### Work instruction
Give back every line of the data exactly. Pictures are not part of the copy.

### Dataset excerpt
%%
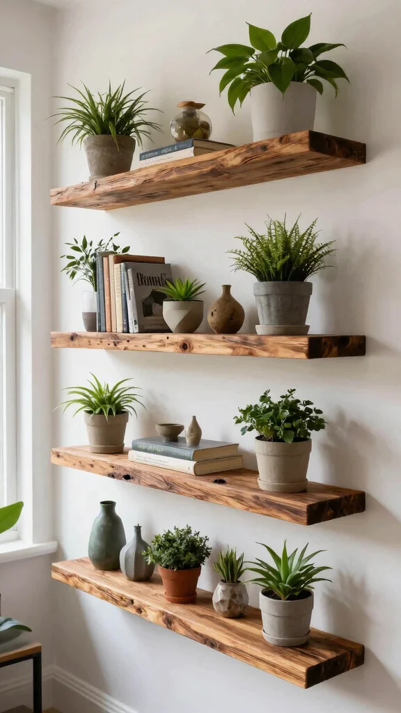 Source reclaimed wood from local shops or old furniture, and sand it down to reveal its natural beauty. Use brackets or rope for hanging, allowing you to create a unique display that enhances your decor. These shelves are not only functional but also a statement of eco-conscious design.
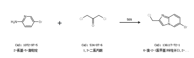 1.通過(guò)2-氨基-5-溴吡啶和1,3-二氯丙酮合成6-溴-2-(氯甲基)咪唑并[1,2-a]吡啶,收率約56%;
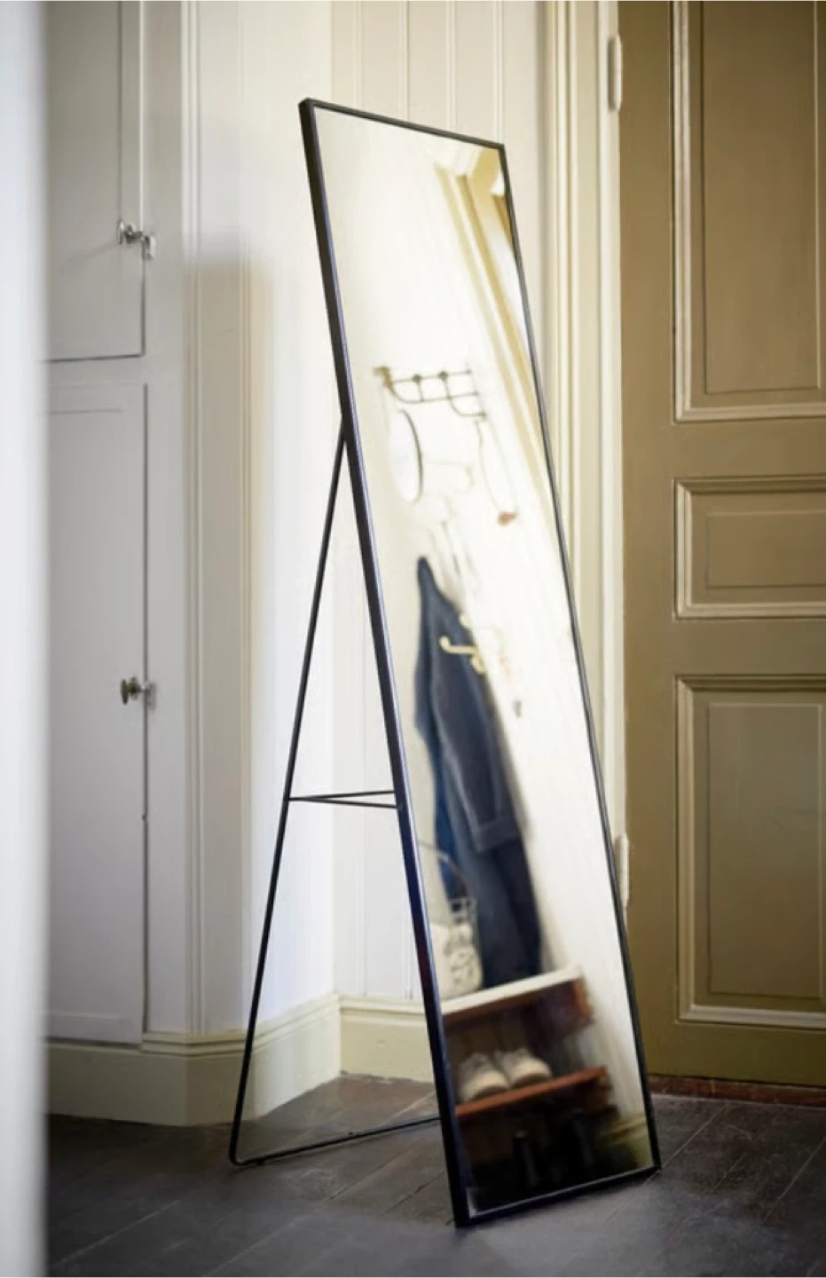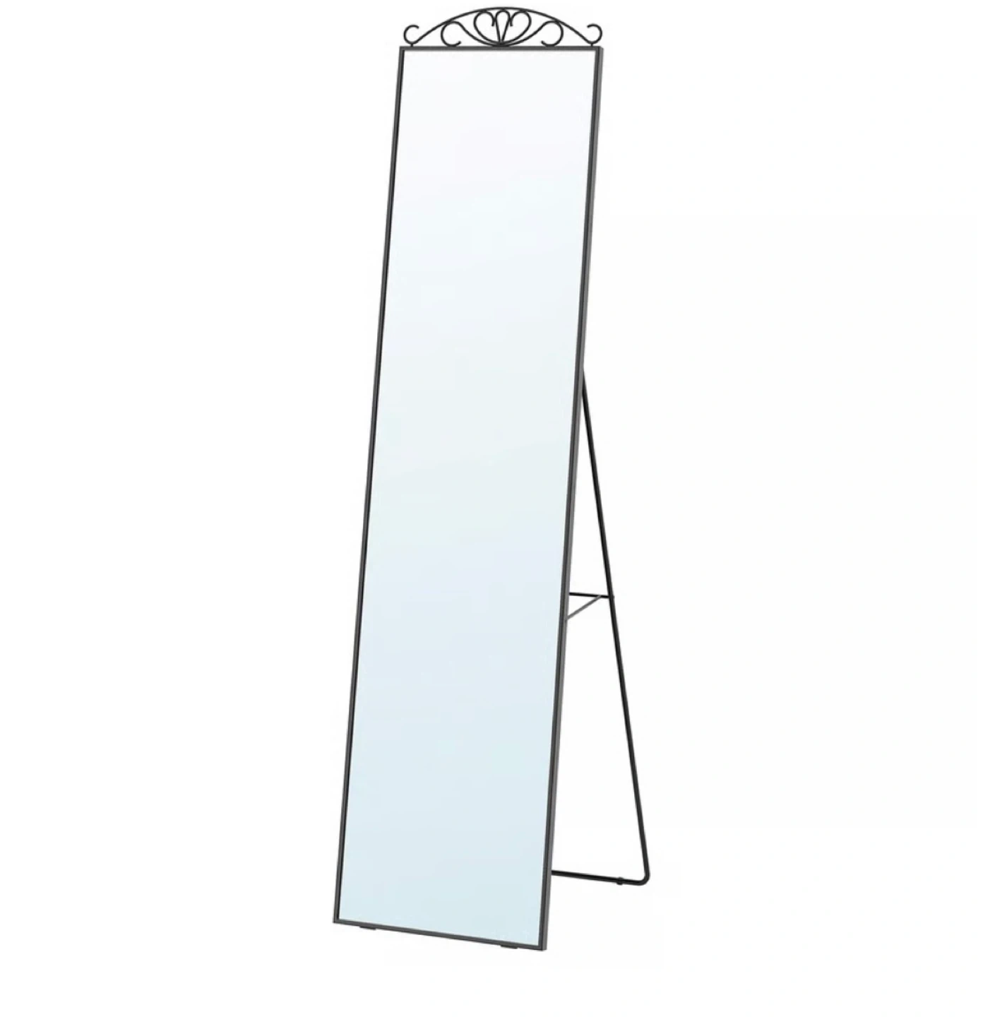 This tall standing mirror has a black metal frame with an ornate detail at the top. It's perfect for checking your outfit before heading out. The mirror is made of glass and metal.
%%
### Result
 Source reclaimed wood from local shops or old furniture, and sand it down to reveal its natural beauty. Use brackets or rope for hanging, allowing you to create a unique display that enhances your decor. These shelves are not only functional but also a statement of eco-conscious design.
 1.通過(guò)2-氨基-5-溴吡啶和1,3-二氯丙酮合成6-溴-2-(氯甲基)咪唑并[1,2-a]吡啶,收率約56%;
 This tall standing mirror has a black metal frame with an ornate detail at the top. It's perfect for checking your outfit before heading out. The mirror is made of glass and metal.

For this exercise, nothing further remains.